Verily, a line must be drawn between management prerogatives regarding business operations per se and those
which affect the rights of the employees. In treating the latter, management should see to it that its employees
are at least properly informed of its decisions or modes of action.

PAL posits the view that by singing the CBA, PALEA in effect, recognized PALs exclusive right to make and enforce
company rules and regulations to carry out the functions of management without having to discuss the same with
PALEA and much less, obtain the latters conformity thereto.

Such provision may not be interpreted as cession of employees rights to participate in the deliberation of matters
which may affect their rights. And one such matter is the formulation of a code of discipline.

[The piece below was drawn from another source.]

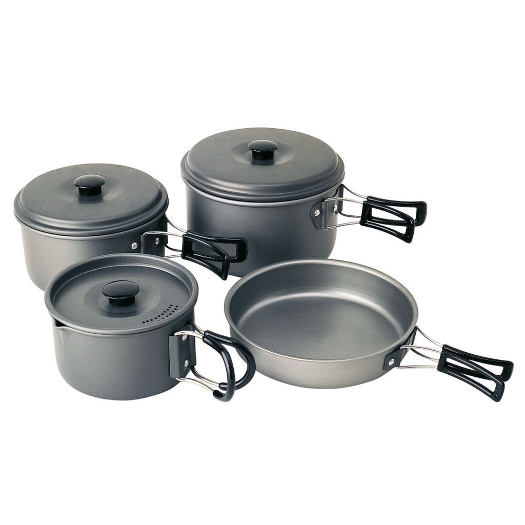 8-tlg., für Gas- und Elektroherde, aus eloxiertem Aluminium. Isolierte, klappbare „Cool Touch“ Griffe. Nicht Spülmaschinen geeignet!

Industrial peace cannot be achieved if the employees are denied their just participation in the discussion of
matters affecting their rights. Even before Article 211 of LC, it was declared policy of the Sate (d) To promote the
enlightment of workers concerning their rights and obligations as employees. This was amplified by R.A. 6715
when it decreed that participation of workers in decision and policy making processes affecting their rights, duties
and welfare. Pals position that it cannot be saddled with the obligation of sharing management prerogatives, as
during the formulation of the Code, R.A. 6715 had not yet been enacted cannot be sustained. While such
obligation was not yet found in the law when the Code was formulated, the attainment a harmonious labor-
management relationship and the then already existing state of policy of enlightening workers concerning their
rights as employees demand no less that the observance of transparency.